Diese sechs Schätze sind auch für den von höchstem Wert, der nur an sein eigenes Wohl oder an das Wohlergehen seines Landes interessiert ist. Dieses gilt sowohl für materialistisch orientierte Menschen, als auch für Menschen, die nicht nach der Erleuchtung streben oder an das Jenseits glauben.

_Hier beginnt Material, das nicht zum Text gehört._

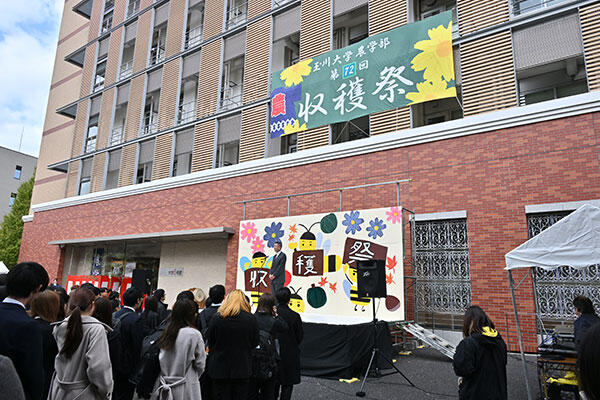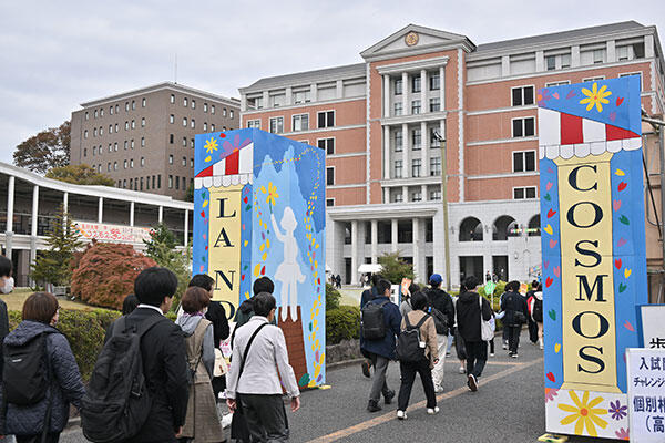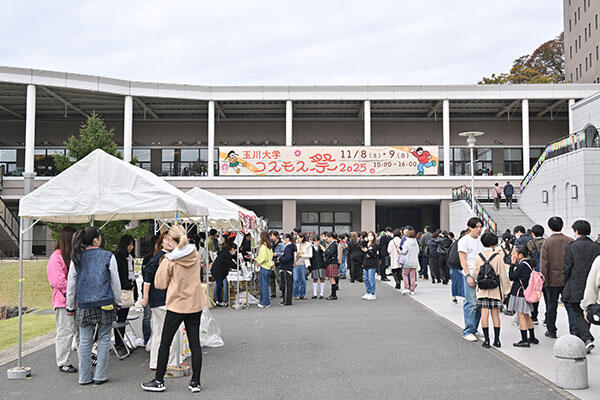 11月8日(土)、9日(日)の2日間、「玉川大学 コスモス祭2025」が開催されました。 ギリシャ語で整備や秩序、調和を意味するコスモス。その名の通り、コスモス祭は「学部展」や「収穫祭」といった各学部の研究活動の発表や、クラブの「課外活動展」などを統合する形で行われる、玉川大学の一大行事です。本年度のテーマは「COSMOS LAND」。コスモス祭に携わる人がコスモスの花びらとなり、手を取り合って一つの花を作り上げようという想いと、たくさんの人がワクワクする世界になるようにという想いが込められています。二日目は時折雨の降るあいにくの天候でしたが、両日とも多くの学生や卒業生で賑わいました。
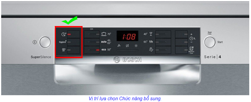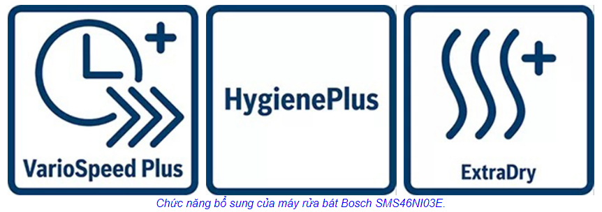 (3) Hygiene Plus – Rửa diệt khuẩn: Là tên của một chương trình rửa cực sạch với nhiệt độ cao hơn để đảm bảo vệ sinh tối đa. Hygiene Plus là một lựa chọn mới có thể được thêm vào nhiều chu kỳ xả và đảm bảo hiệu suất vệ sinh tối đa thông qua việc làm sạch kháng khuẩn. Nhiệt độ nước lên đến 70°C trong quá trình rửa, và được duy trì trong một khoảng thời gian dài hơn.
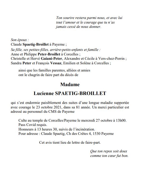 Madame Lucienne SPAETIG-BROILLET 21 jan. 1941 - 23 oct. 2021 Avis mortuaire PFG Télecharger PDF Partager sur: Galerie PreviousNext PreviousNext
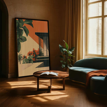 A seamless blend of nature and design, this piece captures the harmony between organic form and modern architecture. Bold geometry meets lush greenery, balancing structure with softness in a way that feels both grounded and visionary. With vibrant tones and crisp lines, it’s a study in how the natural and man-made can beautifully co-exist.
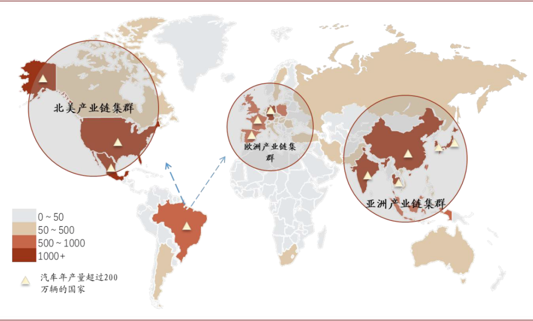 主机厂为核心辐射周边,全球已形成三个主要的产业链集群。全球零部件厂商目前主要分为三个集群:以美国为核心的北美产业链集群,以德国为核心的欧洲产业链集群,以中、日、韩为多核心的亚洲产业链集群,南美地区受益于发达的、价格低廉的海运,弥补了其远离核心整车生产商的地缘劣势,为本地、北美、欧洲等地的整车厂供货。
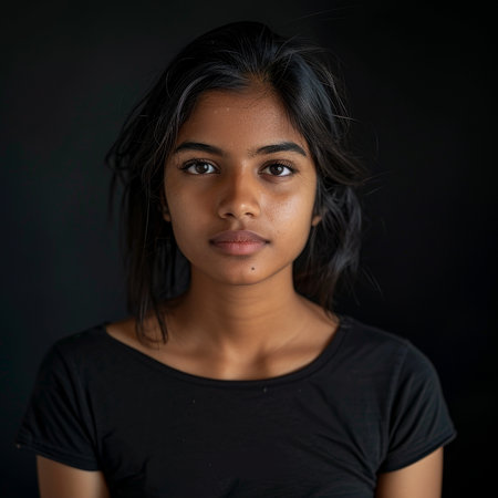 Portrait of a young woman with a thoughtful expression against a dark background

Diejenigen unter den Materialisten, die es zu Ruhm und Ansehen gebracht haben, haben eine sehr hohe Meinung von diesen „sechs Schätzen“. Besitzt jemand einen dieser sechs Schätze nicht, dann wird er nicht in der Lage sein, etwas Großes in seinem Leben zu erreichen.

Wie viele Wohltaten verdankt die Menschheit nicht den Menschen, die die Kontrolle über ihre Sinne und ihren Verstand besassen? Selbst ein Kaiser ist arm wie ein Bettler, wenn er nicht diese sechs Schätze erworben hat. Ein wohlhabender Mann ist stets um sein Vermögen besorgt. Aber der Besitzer dieser sechs Tugenden ist grösser als ein Monarch. Er wird sogar von den Göttern verehrt. Er wird von Glück und Zufriedenheit durchströmt. Aus der Fülle dieser von ihm erworbenen sechs Schätze, kann er sie freigiebig an andere verschenken. Was könnte mehr Freude bereiten? In Zeiten der Gefahr entfliehen die Reichen ihrem Leben. Sie überlassen ihre Freunde und Verwandten ihrem Schicksal. Diejenigen aber, die im Besitz dieser sechs Schätze sind, verbringen ihre Tage ohne die geringste Spur von Furcht. Sie ermuntern sie und bieten anderen ihre Hilfe an. Diejemigen, die das Brahmacharya verwirlicht haben, leisten ihrem Land wertvolle Dienste und werden dafür geachtet und geliebt. Es sind in der Tat, gesegnete Menschen.